Pcost would never be higher than Icost, As a P-frame can be made of intra blocks as well as predicted, and there's a little extra overhead from being a IDR frame. An IDR needs to contain all the stream information needed to start decoding from that point.

Have you tried encoding with 2-pass? That basically provides a full-file lookahead, and thus gives as good an automatic keyframe placement as x264 can give. If you need to use 1-pass, increasing --rc-lookahead may help as well (I don't recall if it includes frame type decisions in x264). If you've got the RAM for it, --rc-lookahead can be as high as --keyint.

hellgauss
14th June 2024, 18:39
That is all what I would expect. As scenecut goes up, the threshold to trigger a scenecut becomes higher, and thus fewer frames quality for a "natural" scenecut.

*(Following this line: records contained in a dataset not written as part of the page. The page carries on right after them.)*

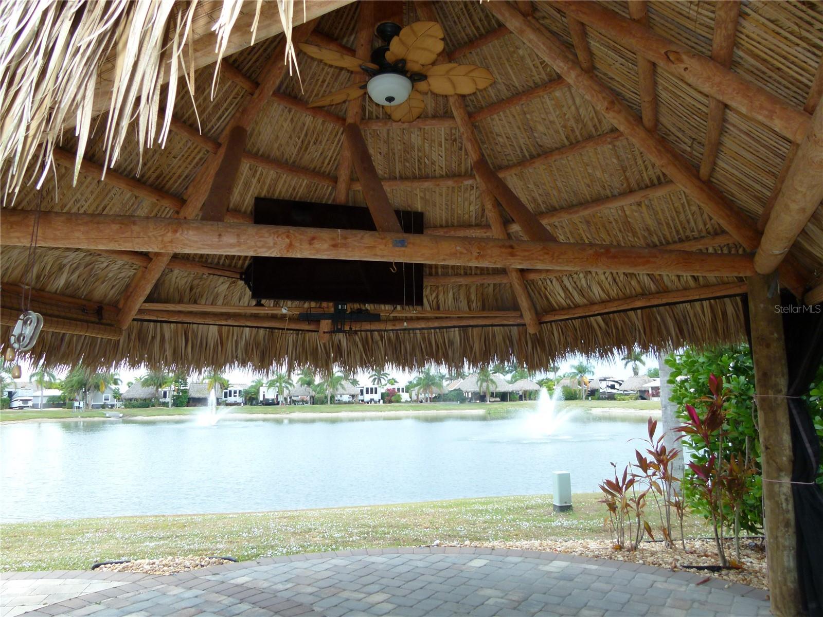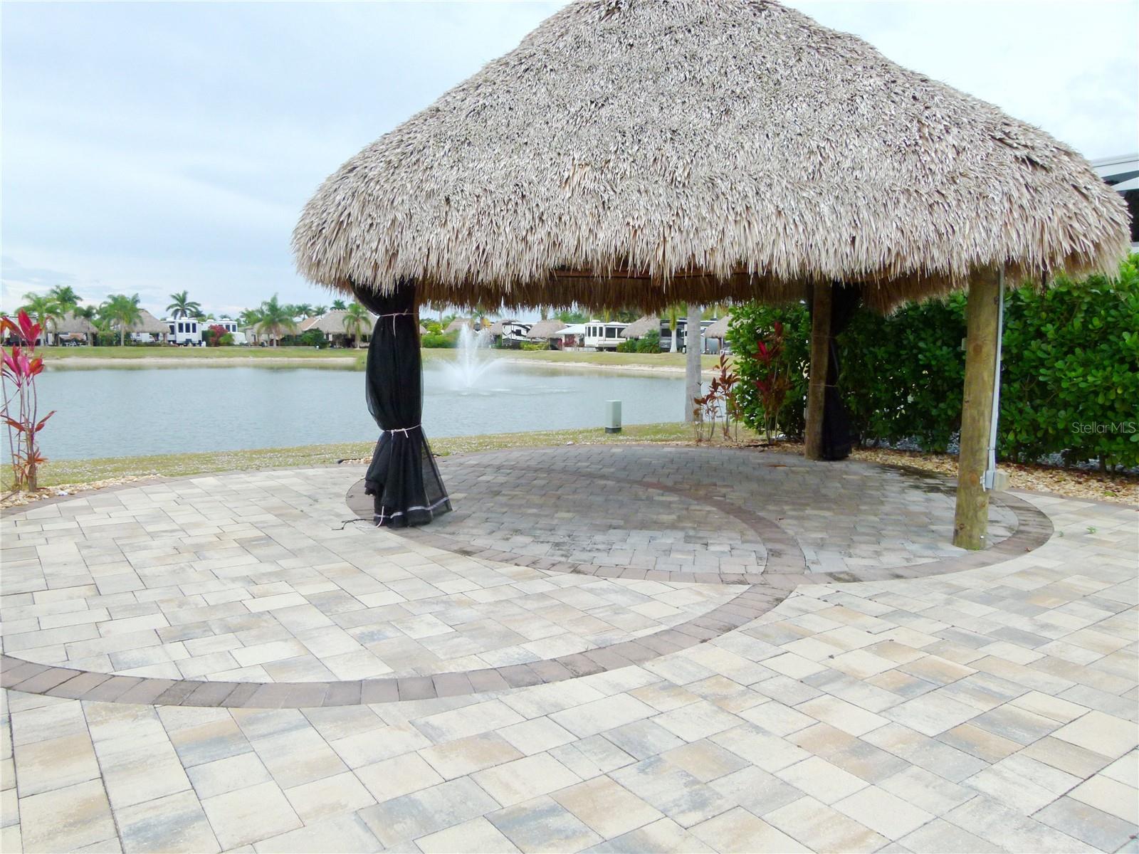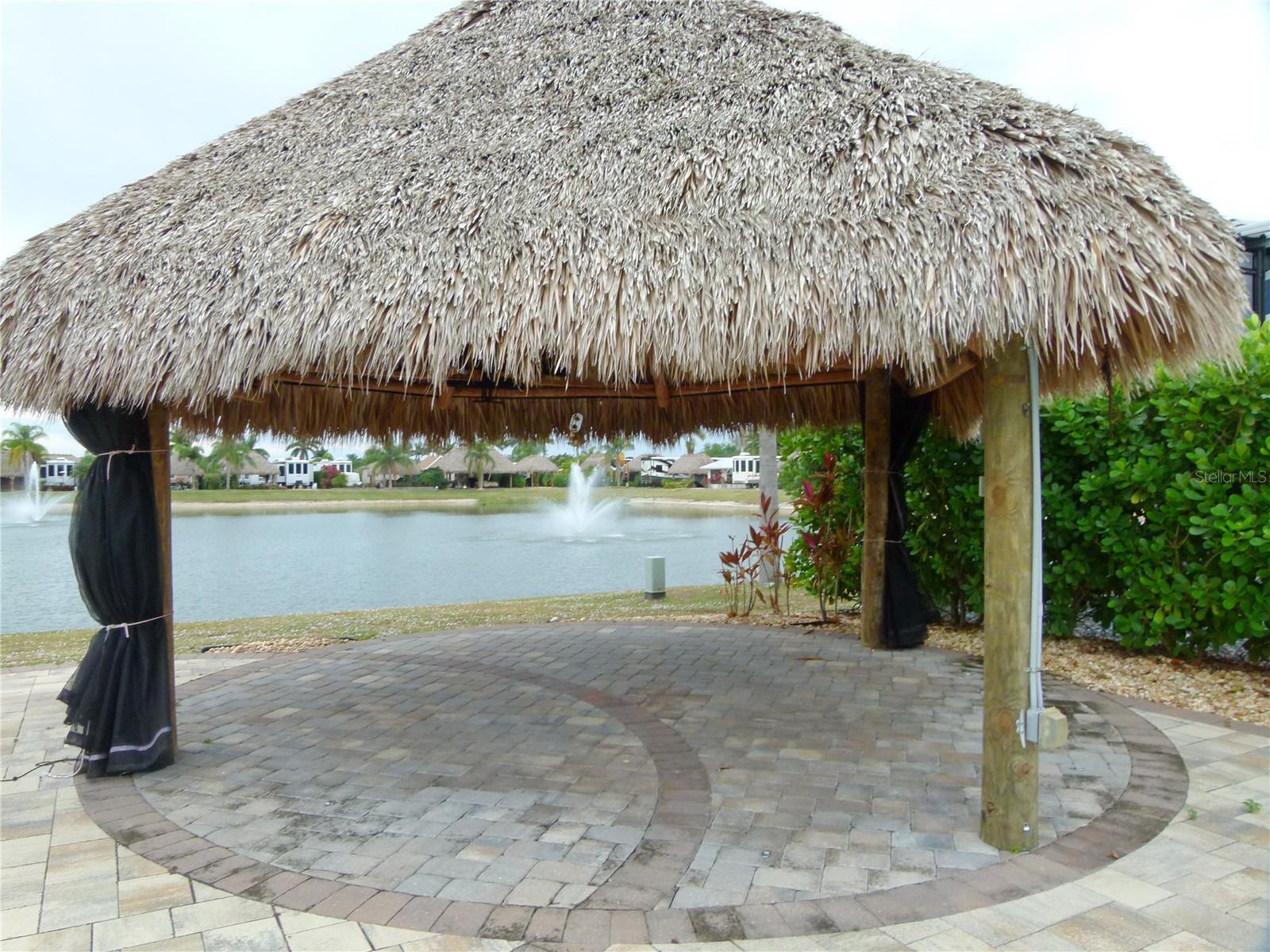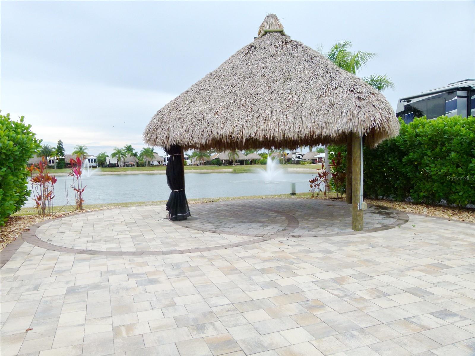 Amazing 90-acre gated community, 5-star resort with full time activity director. Daily activities, pool side bar and grill with live music. 9000 sf clubhouse features, fitness center, library, card and billiard rooms. Enjoy the sound of the fountain and view from the tiki on your lakefront lot. Casita is finished with 1/2 bath and AC. Don't miss a great opportunity to own a piece of paradise.
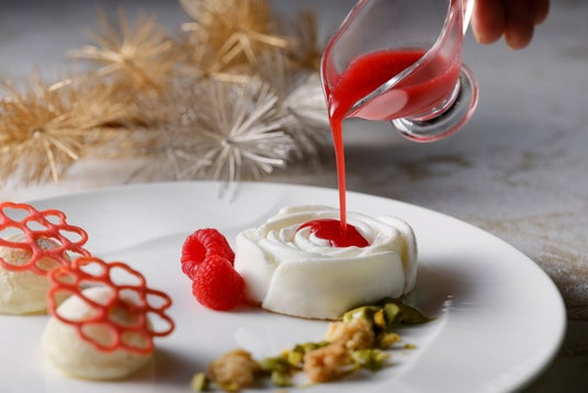 滋賀県が誇るブランド牛「近江牛」をメインに、目の前で仕上げるお料理を楽しむディナーコース。食後には、滋賀県・山田牧場のチーズを使用した純白のフロマージュが登場。白いバラがオウミキイチゴのソースで鮮やかな赤に染まるドラマティックな演出が、お二人の特別な夜に華を添えます。
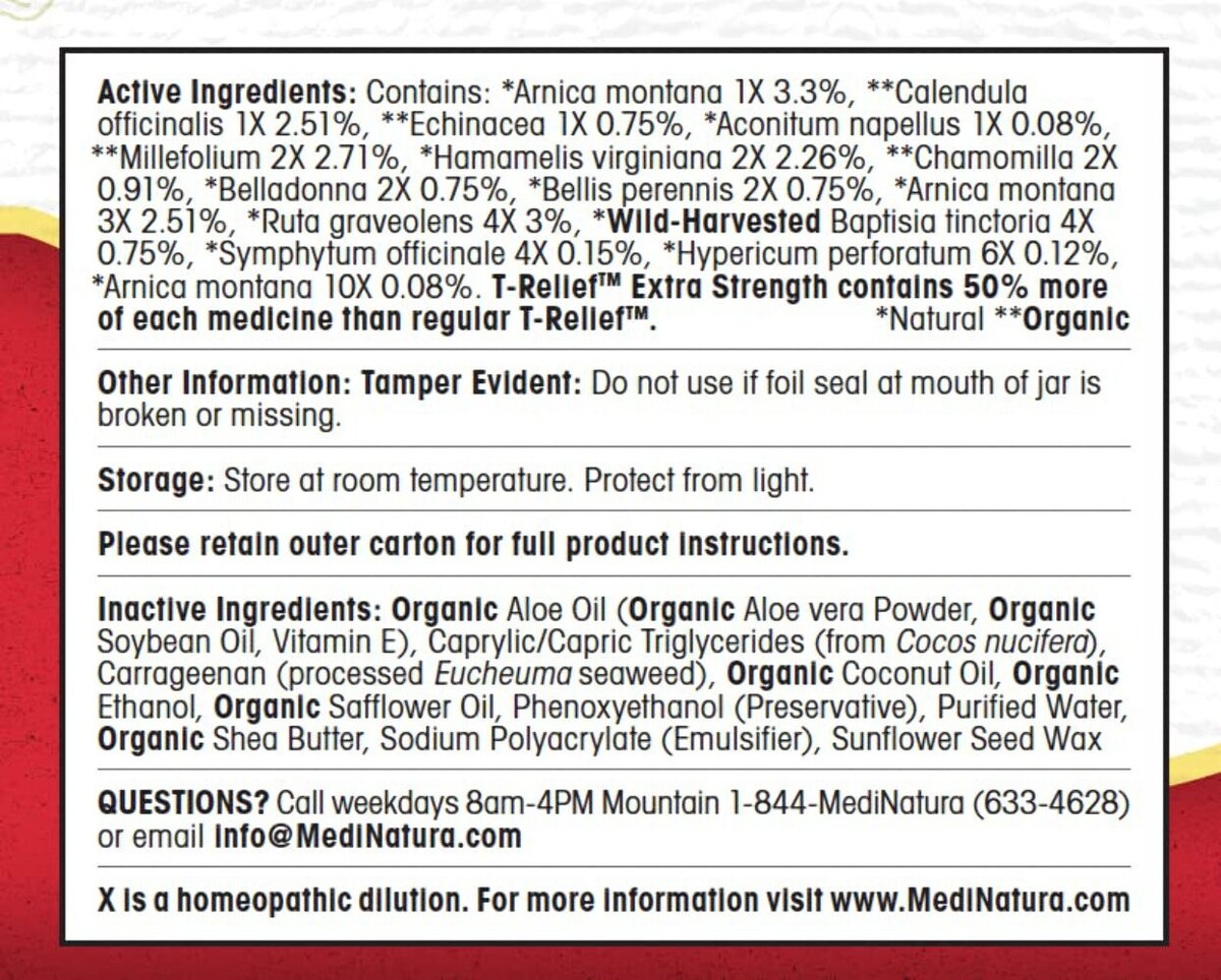 10/26 MediNatura T-Relief Extra Strength Cream Arnica +12 Natural Homeopathic Re
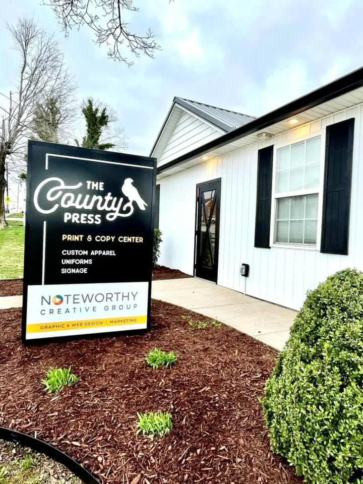 Thank you to Noteworthy Creative Group for the wonderful design and for making the perfect adjustments, and to The County Press for making our sign! This group of people is also a small local business. They do great work and listen and create exactly what you are looking for!
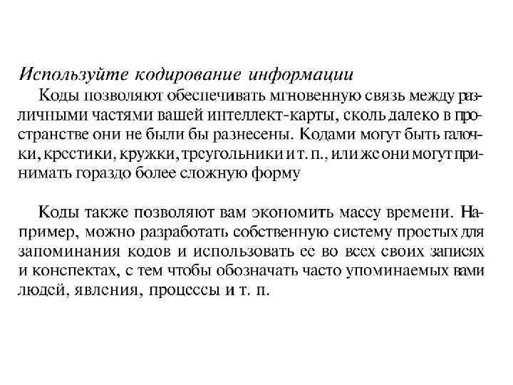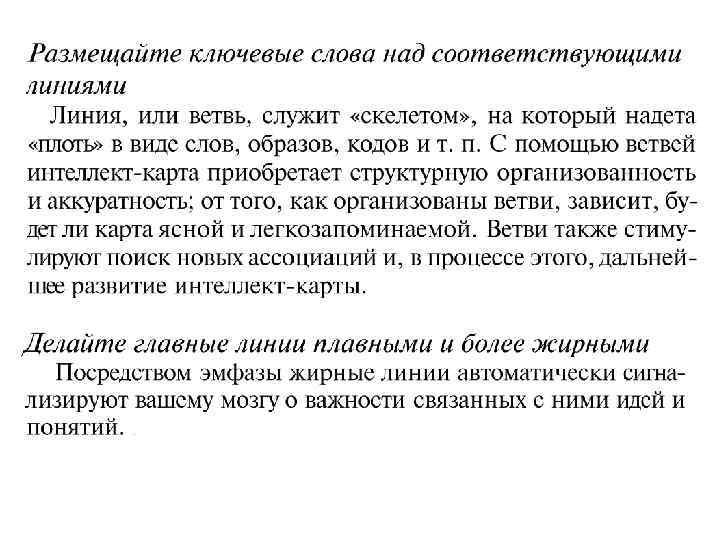 Самый распространенный вид конспекта – линейный по времени, при котором информация записывается по мере ее поступления, например, во время прослушивания лекции. Внешне более изысканный, а на поверку – столь же безалаберный! – вид конспектирования – иерархический, при котором ошметки информации располагаются не столбиком один за другим (1, 2, 3, 4 и т. д. ), а с потугой на многоуровневую структуру (1. 1, 1. 2, 1. 3, 2. 1, 2. 2. 1 и т. д). Совершенно очевидно, что ни один из традиционных общепринятых подходов к фиксированию информации не соответствует процессам, реально протекающем в нашем мозгу. Так при любом конспектировании за временным рядом теряются ключевые слова, усложняется запоминание, тратится время на фиксирование совершенно несущественных фактов, не обеспечивается стимулирования творческого потенциала нашего воображения ( «тупо переписали» ).
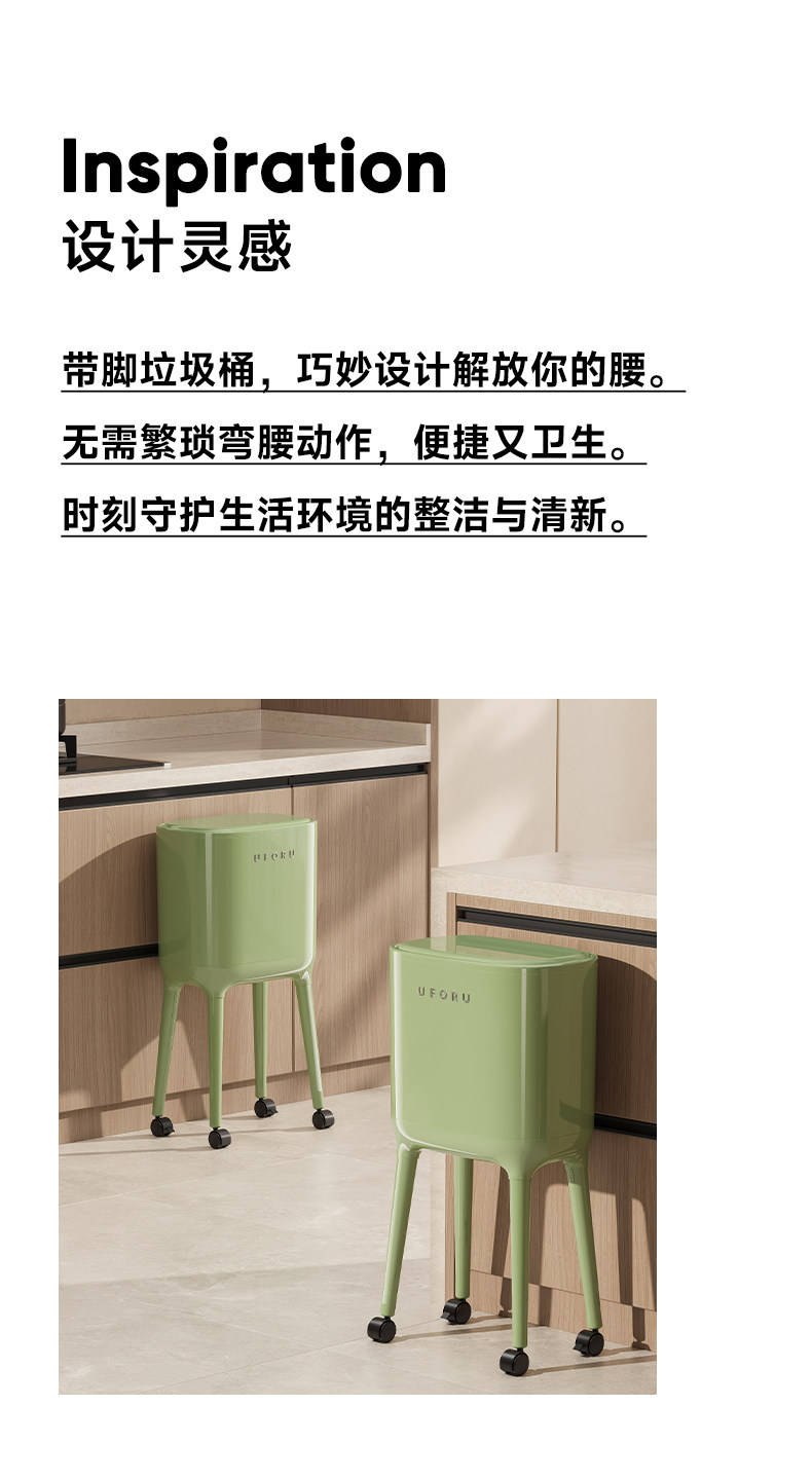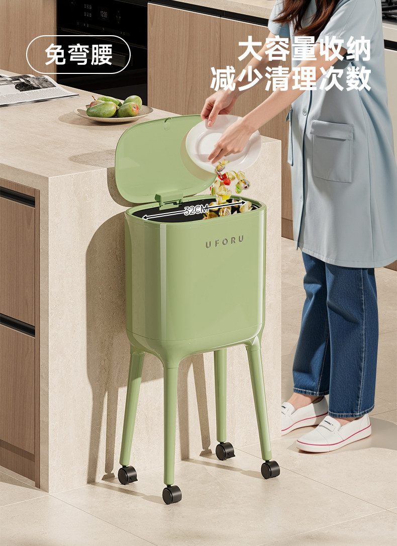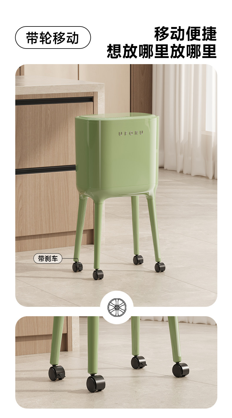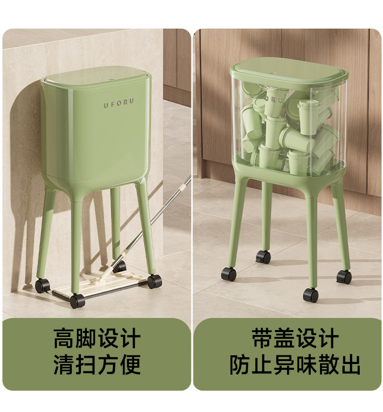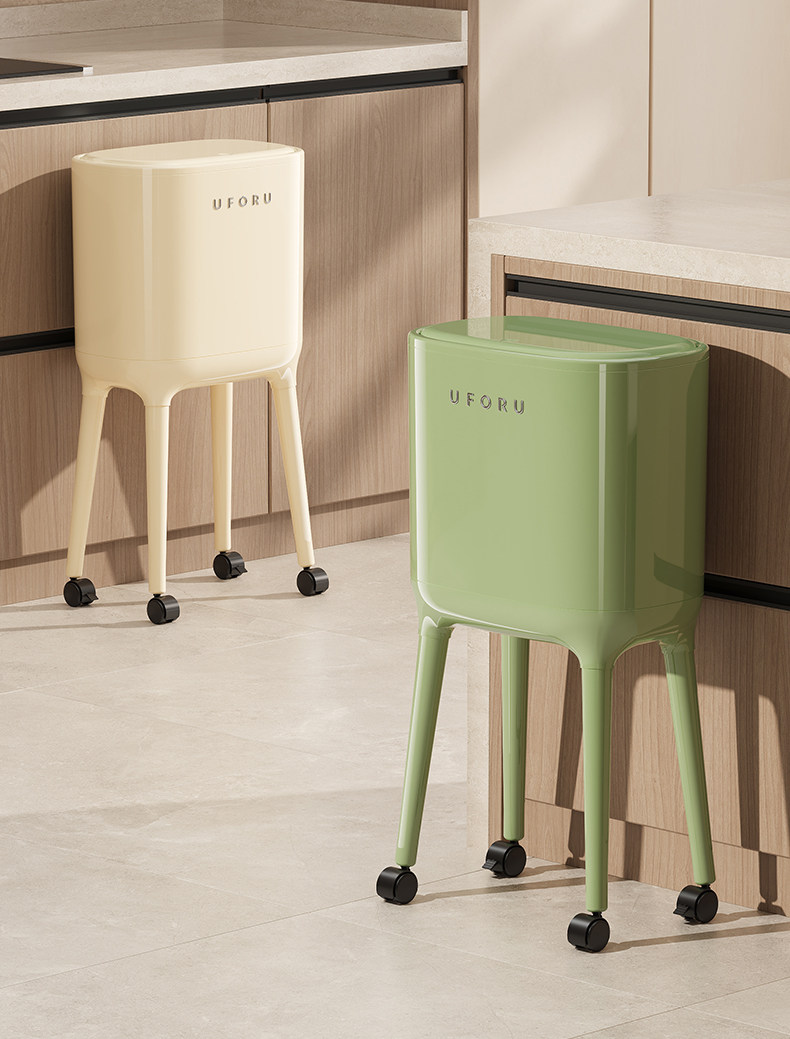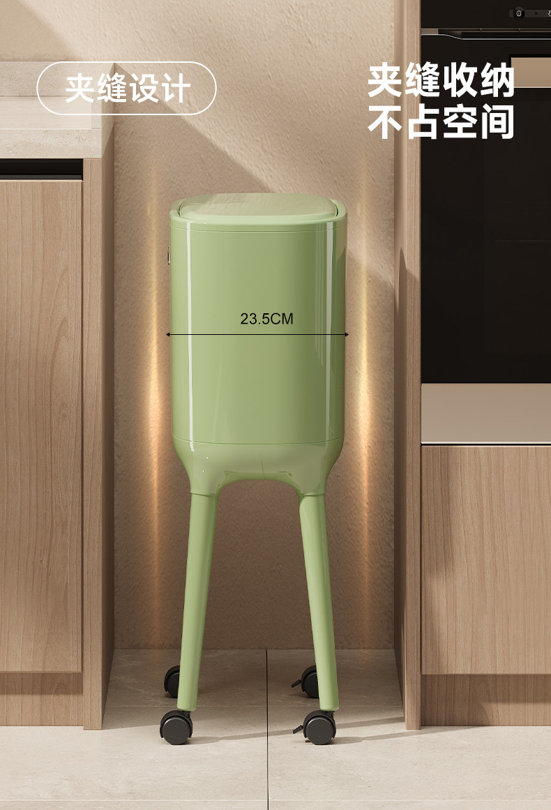 No Need to Bend Over, High-Looking, Tall Kitchen Trash Can, Sanitary Bin, Press-Type, Large Capacity for Home Use, with Wheels, Movable

This is indeed what I would expect from my test results. However it is in contrast with the following 4:

1)
My post #1 which is from akupenguin choice of the sign "<"
IF (some calculation which does not depend explicitly on scenecut) < scenecut THEN choose K/I frame

Higher scenecut should make the inequality more easily triggered, with higher probability of K/I frame. Note that in akupenguin formula the Psize value is with sign "-" in l.h.s.
(1 - (bit size of P-frame) / (bit size of I-frame) < (scenecut / 100) * (distance from previous keyframe) / keyint
---------------------
2)
rwill results, which are in contrast with mine (I think that at this point it is better to use publicly available source to compare results)
I just did some tests here and higher scenecut parameter values result in higher I picture counts
------------------------------
3)
MeGUI wiki ( https://en.wikibooks.org/w/index.php?title=MeGUI/x264_Settings&oldid=2201086 )
Higher values of scenecut increase the number of scenecuts detected.
---------------------------------
4)
Source code linked by rwill
{
f_bias = f_thresh_min
+ ( f_thresh_max - f_thresh_min )
* ( i_gop_size - h->param.i_keyint_min )
/ ( h->param.i_keyint_max - h->param.i_keyint_min );
}

res = pcost >= (1.0 - f_bias) * icost;
if( res && real_scenecut ) etc...

Note that f_bias should increase with scenecut parameter and appears with sign "-" in the r.h.s. of the inequality. Of course to get a clear vision the whole code should be analyzed. I'm an hobbiest programmer (better: a script writer) so I'm not able to do that.

-------------------

I think that most scenecut at GOP: 249 are a bug. If the scenecut is not triggered it is not reported in the log: there are more I frames in the final file than scenecut detected. Probably they are scene longer than key_max so that a K frame is automatically inserted.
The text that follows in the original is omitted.